Produce an exact copy of all the data below, dropping every image.

#### TASK INPUT ####

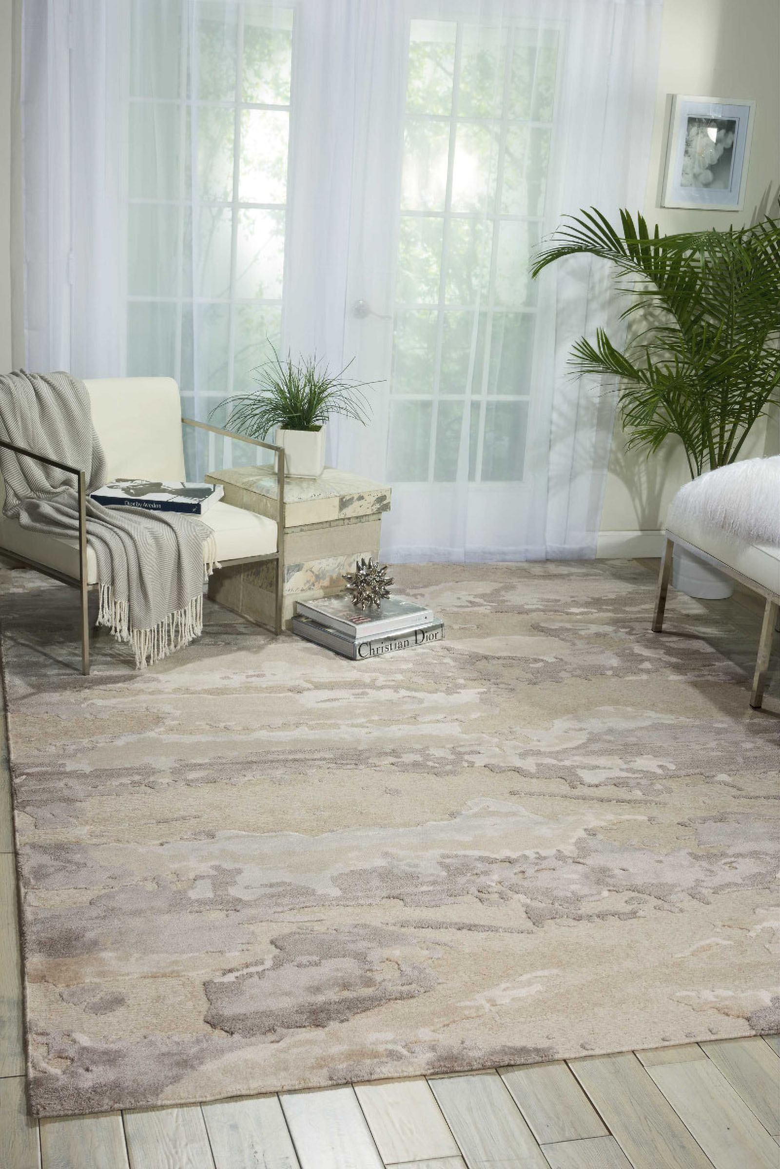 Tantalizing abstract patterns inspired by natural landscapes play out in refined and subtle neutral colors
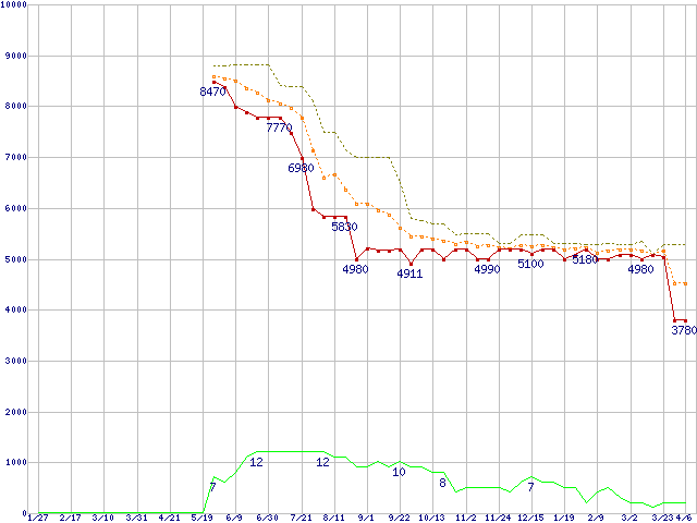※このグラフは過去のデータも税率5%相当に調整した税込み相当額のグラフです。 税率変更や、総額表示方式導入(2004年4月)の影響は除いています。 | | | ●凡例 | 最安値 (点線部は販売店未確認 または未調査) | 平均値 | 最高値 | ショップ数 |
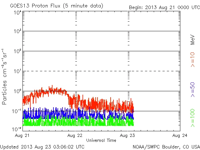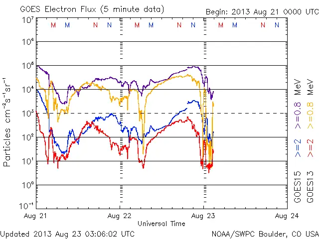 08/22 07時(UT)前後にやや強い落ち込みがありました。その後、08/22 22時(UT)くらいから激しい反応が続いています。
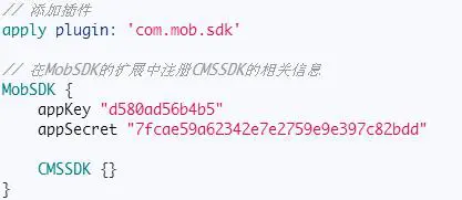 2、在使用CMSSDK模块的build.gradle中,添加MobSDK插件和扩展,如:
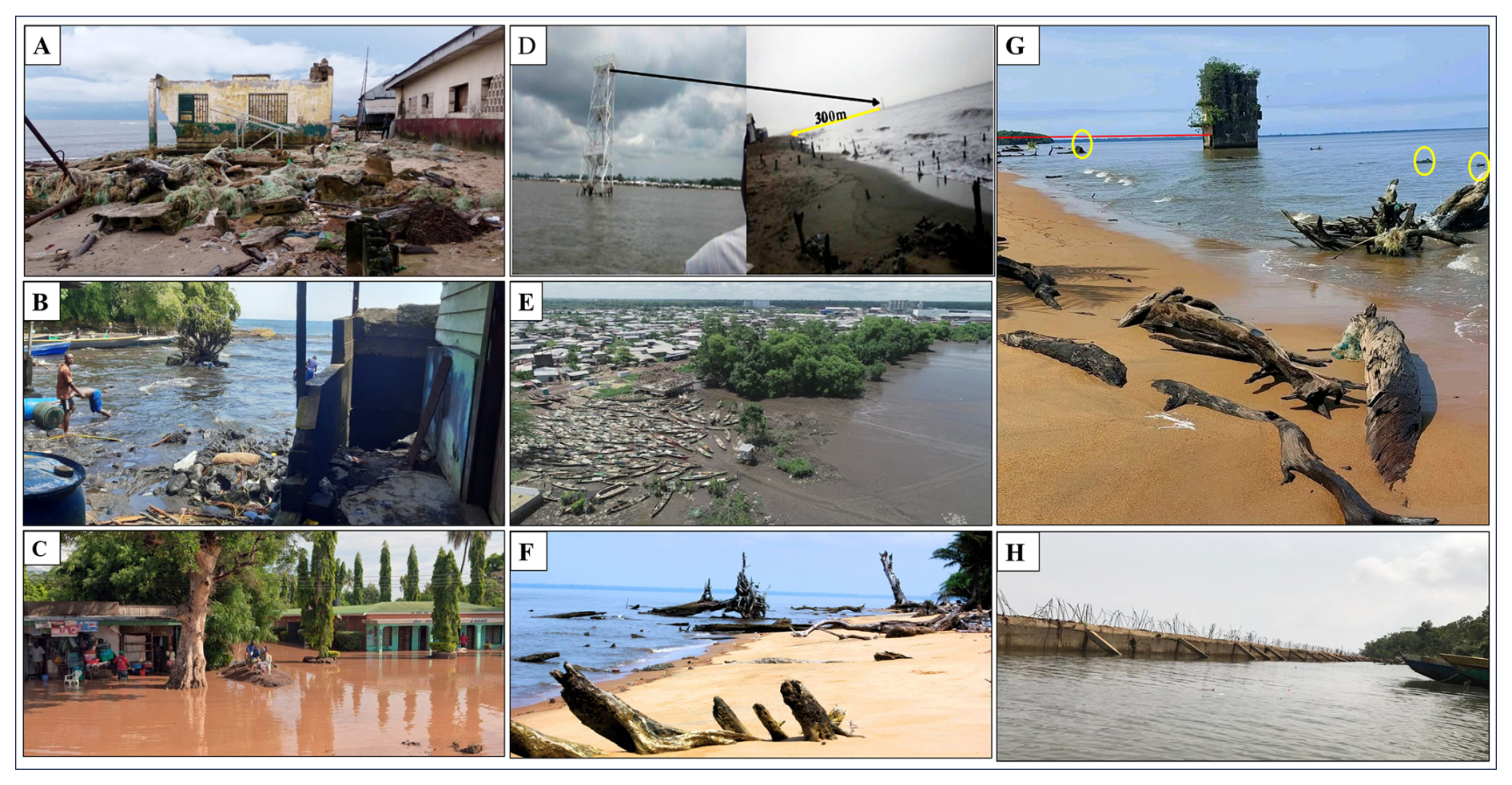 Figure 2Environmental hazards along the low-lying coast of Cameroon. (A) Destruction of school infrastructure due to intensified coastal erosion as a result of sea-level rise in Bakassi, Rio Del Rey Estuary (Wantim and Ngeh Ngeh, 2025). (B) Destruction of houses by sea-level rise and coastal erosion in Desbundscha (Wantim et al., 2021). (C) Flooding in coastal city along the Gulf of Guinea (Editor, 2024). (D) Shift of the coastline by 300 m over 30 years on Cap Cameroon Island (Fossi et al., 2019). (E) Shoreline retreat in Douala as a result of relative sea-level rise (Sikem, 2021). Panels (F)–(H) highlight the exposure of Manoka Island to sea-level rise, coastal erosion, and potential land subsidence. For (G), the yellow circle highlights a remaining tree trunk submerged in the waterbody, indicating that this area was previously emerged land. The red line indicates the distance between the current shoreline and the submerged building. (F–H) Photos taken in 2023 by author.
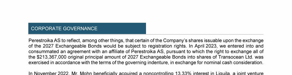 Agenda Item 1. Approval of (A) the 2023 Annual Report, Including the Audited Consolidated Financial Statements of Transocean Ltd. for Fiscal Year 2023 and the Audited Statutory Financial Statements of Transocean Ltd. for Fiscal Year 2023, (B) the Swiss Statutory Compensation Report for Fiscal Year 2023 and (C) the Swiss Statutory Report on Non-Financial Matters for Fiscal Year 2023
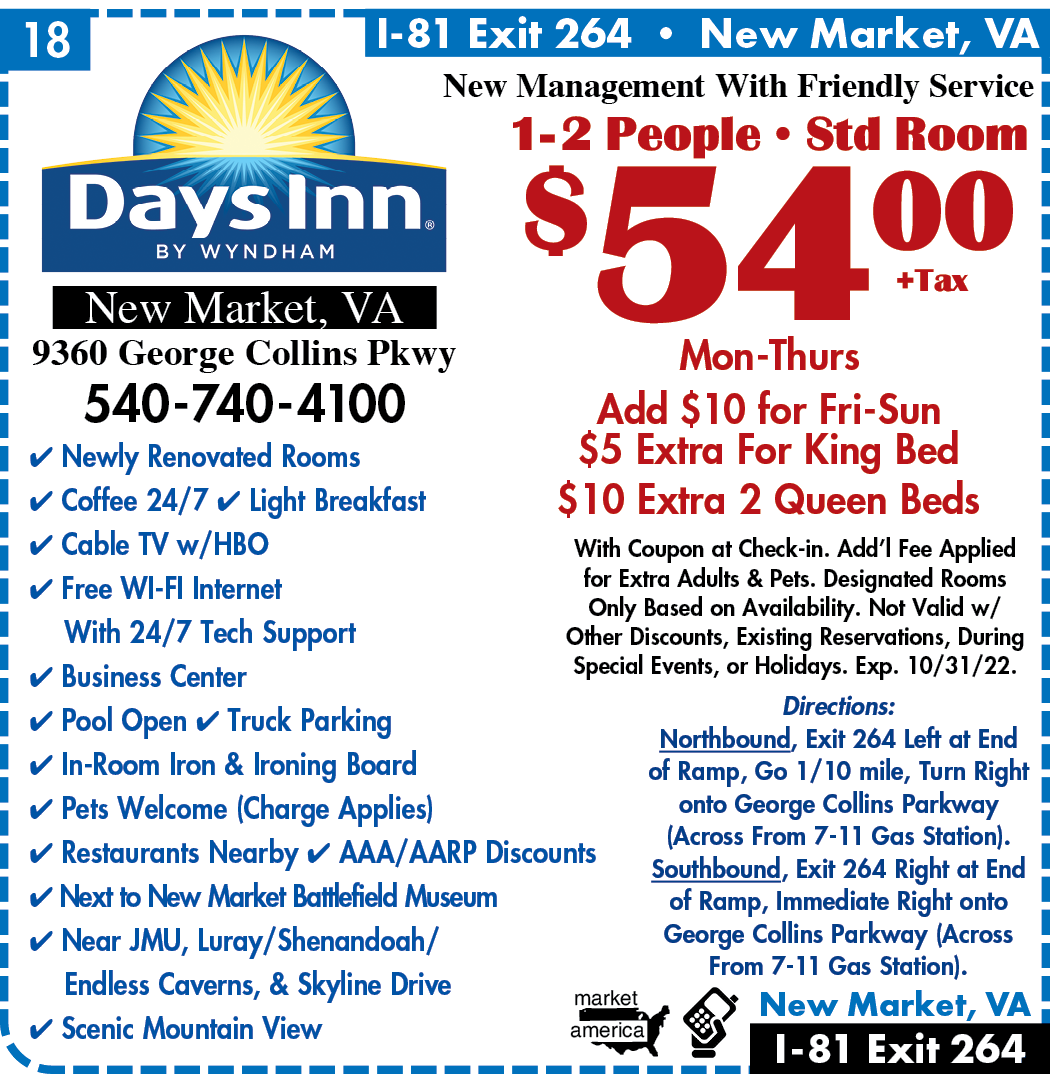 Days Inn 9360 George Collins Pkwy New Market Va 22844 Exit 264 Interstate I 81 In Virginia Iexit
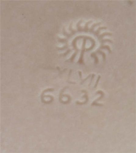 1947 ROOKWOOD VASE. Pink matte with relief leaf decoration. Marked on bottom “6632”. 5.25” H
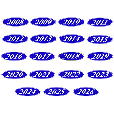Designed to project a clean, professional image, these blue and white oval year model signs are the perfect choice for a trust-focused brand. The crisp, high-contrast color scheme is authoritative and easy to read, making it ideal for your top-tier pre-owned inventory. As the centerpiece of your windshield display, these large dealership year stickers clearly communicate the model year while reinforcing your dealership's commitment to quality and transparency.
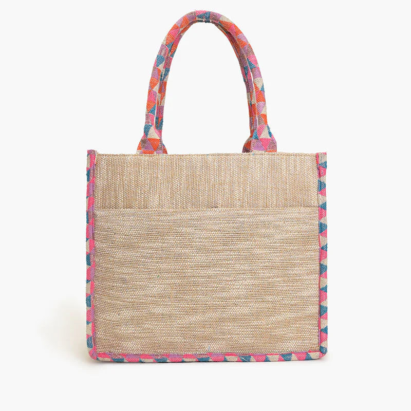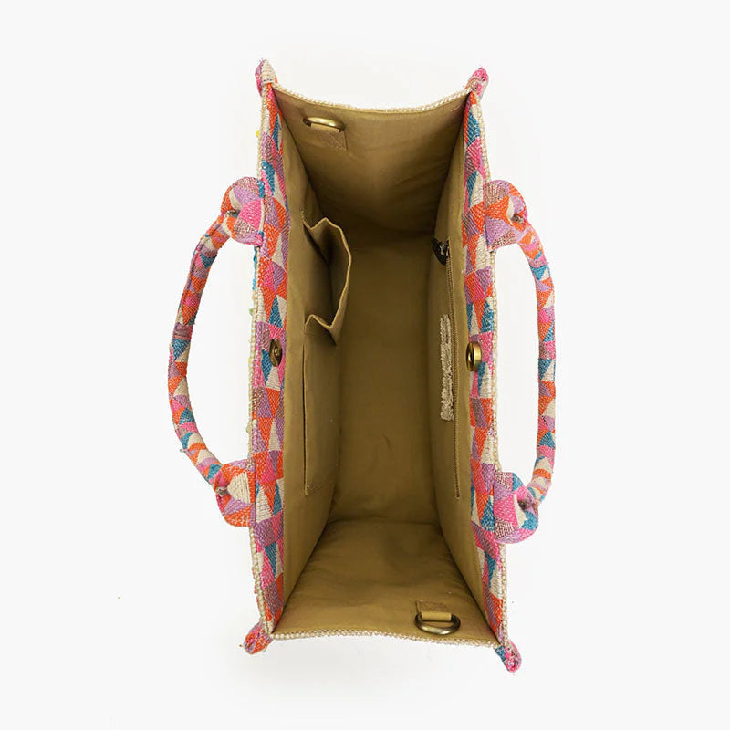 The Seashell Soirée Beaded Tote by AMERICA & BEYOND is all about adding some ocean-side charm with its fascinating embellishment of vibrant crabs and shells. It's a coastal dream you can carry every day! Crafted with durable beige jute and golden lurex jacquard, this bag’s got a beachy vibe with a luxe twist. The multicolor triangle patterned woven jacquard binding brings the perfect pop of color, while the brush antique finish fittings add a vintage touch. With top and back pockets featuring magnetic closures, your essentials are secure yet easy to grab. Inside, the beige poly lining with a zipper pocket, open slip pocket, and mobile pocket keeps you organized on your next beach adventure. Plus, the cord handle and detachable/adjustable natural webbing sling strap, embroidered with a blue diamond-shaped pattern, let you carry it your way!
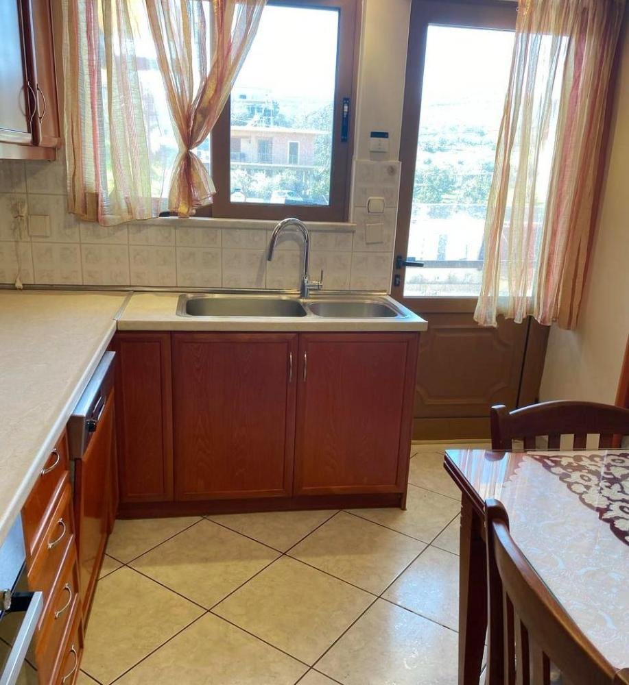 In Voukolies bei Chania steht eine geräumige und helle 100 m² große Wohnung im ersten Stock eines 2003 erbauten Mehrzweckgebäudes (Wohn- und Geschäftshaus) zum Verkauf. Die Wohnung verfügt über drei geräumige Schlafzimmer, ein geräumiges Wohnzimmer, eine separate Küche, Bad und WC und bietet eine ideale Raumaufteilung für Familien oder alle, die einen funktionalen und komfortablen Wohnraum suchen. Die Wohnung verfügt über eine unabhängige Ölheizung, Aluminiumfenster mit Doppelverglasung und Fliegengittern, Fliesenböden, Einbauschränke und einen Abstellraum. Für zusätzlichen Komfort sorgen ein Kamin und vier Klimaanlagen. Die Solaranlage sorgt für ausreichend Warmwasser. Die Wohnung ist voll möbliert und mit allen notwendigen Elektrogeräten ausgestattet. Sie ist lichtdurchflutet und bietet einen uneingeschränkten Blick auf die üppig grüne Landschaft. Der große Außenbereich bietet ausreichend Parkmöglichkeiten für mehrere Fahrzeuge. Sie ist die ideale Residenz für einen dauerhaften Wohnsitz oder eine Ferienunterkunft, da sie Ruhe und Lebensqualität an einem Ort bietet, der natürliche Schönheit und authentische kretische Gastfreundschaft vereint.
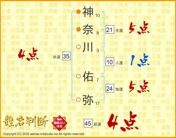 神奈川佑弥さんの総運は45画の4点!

####

#### FINISHED EXERCISE:
 Tantalizing abstract patterns inspired by natural landscapes play out in refined and subtle neutral colors
※このグラフは過去のデータも税率5%相当に調整した税込み相当額のグラフです。 税率変更や、総額表示方式導入(2004年4月)の影響は除いています。 | | | ●凡例 | 最安値 (点線部は販売店未確認 または未調査) | 平均値 | 最高値 | ショップ数 |
 08/22 07時(UT)前後にやや強い落ち込みがありました。その後、08/22 22時(UT)くらいから激しい反応が続いています。
 2、在使用CMSSDK模块的build.gradle中,添加MobSDK插件和扩展,如:
 Figure 2Environmental hazards along the low-lying coast of Cameroon. (A) Destruction of school infrastructure due to intensified coastal erosion as a result of sea-level rise in Bakassi, Rio Del Rey Estuary (Wantim and Ngeh Ngeh, 2025). (B) Destruction of houses by sea-level rise and coastal erosion in Desbundscha (Wantim et al., 2021). (C) Flooding in coastal city along the Gulf of Guinea (Editor, 2024). (D) Shift of the coastline by 300 m over 30 years on Cap Cameroon Island (Fossi et al., 2019). (E) Shoreline retreat in Douala as a result of relative sea-level rise (Sikem, 2021). Panels (F)–(H) highlight the exposure of Manoka Island to sea-level rise, coastal erosion, and potential land subsidence. For (G), the yellow circle highlights a remaining tree trunk submerged in the waterbody, indicating that this area was previously emerged land. The red line indicates the distance between the current shoreline and the submerged building. (F–H) Photos taken in 2023 by author.
 Agenda Item 1. Approval of (A) the 2023 Annual Report, Including the Audited Consolidated Financial Statements of Transocean Ltd. for Fiscal Year 2023 and the Audited Statutory Financial Statements of Transocean Ltd. for Fiscal Year 2023, (B) the Swiss Statutory Compensation Report for Fiscal Year 2023 and (C) the Swiss Statutory Report on Non-Financial Matters for Fiscal Year 2023
 Days Inn 9360 George Collins Pkwy New Market Va 22844 Exit 264 Interstate I 81 In Virginia Iexit
 1947 ROOKWOOD VASE. Pink matte with relief leaf decoration. Marked on bottom “6632”. 5.25” H
Designed to project a clean, professional image, these blue and white oval year model signs are the perfect choice for a trust-focused brand. The crisp, high-contrast color scheme is authoritative and easy to read, making it ideal for your top-tier pre-owned inventory. As the centerpiece of your windshield display, these large dealership year stickers clearly communicate the model year while reinforcing your dealership's commitment to quality and transparency.
 The Seashell Soirée Beaded Tote by AMERICA & BEYOND is all about adding some ocean-side charm with its fascinating embellishment of vibrant crabs and shells. It's a coastal dream you can carry every day! Crafted with durable beige jute and golden lurex jacquard, this bag’s got a beachy vibe with a luxe twist. The multicolor triangle patterned woven jacquard binding brings the perfect pop of color, while the brush antique finish fittings add a vintage touch. With top and back pockets featuring magnetic closures, your essentials are secure yet easy to grab. Inside, the beige poly lining with a zipper pocket, open slip pocket, and mobile pocket keeps you organized on your next beach adventure. Plus, the cord handle and detachable/adjustable natural webbing sling strap, embroidered with a blue diamond-shaped pattern, let you carry it your way!
 In Voukolies bei Chania steht eine geräumige und helle 100 m² große Wohnung im ersten Stock eines 2003 erbauten Mehrzweckgebäudes (Wohn- und Geschäftshaus) zum Verkauf. Die Wohnung verfügt über drei geräumige Schlafzimmer, ein geräumiges Wohnzimmer, eine separate Küche, Bad und WC und bietet eine ideale Raumaufteilung für Familien oder alle, die einen funktionalen und komfortablen Wohnraum suchen. Die Wohnung verfügt über eine unabhängige Ölheizung, Aluminiumfenster mit Doppelverglasung und Fliegengittern, Fliesenböden, Einbauschränke und einen Abstellraum. Für zusätzlichen Komfort sorgen ein Kamin und vier Klimaanlagen. Die Solaranlage sorgt für ausreichend Warmwasser. Die Wohnung ist voll möbliert und mit allen notwendigen Elektrogeräten ausgestattet. Sie ist lichtdurchflutet und bietet einen uneingeschränkten Blick auf die üppig grüne Landschaft. Der große Außenbereich bietet ausreichend Parkmöglichkeiten für mehrere Fahrzeuge. Sie ist die ideale Residenz für einen dauerhaften Wohnsitz oder eine Ferienunterkunft, da sie Ruhe und Lebensqualität an einem Ort bietet, der natürliche Schönheit und authentische kretische Gastfreundschaft vereint.
 神奈川佑弥さんの総運は45画の4点!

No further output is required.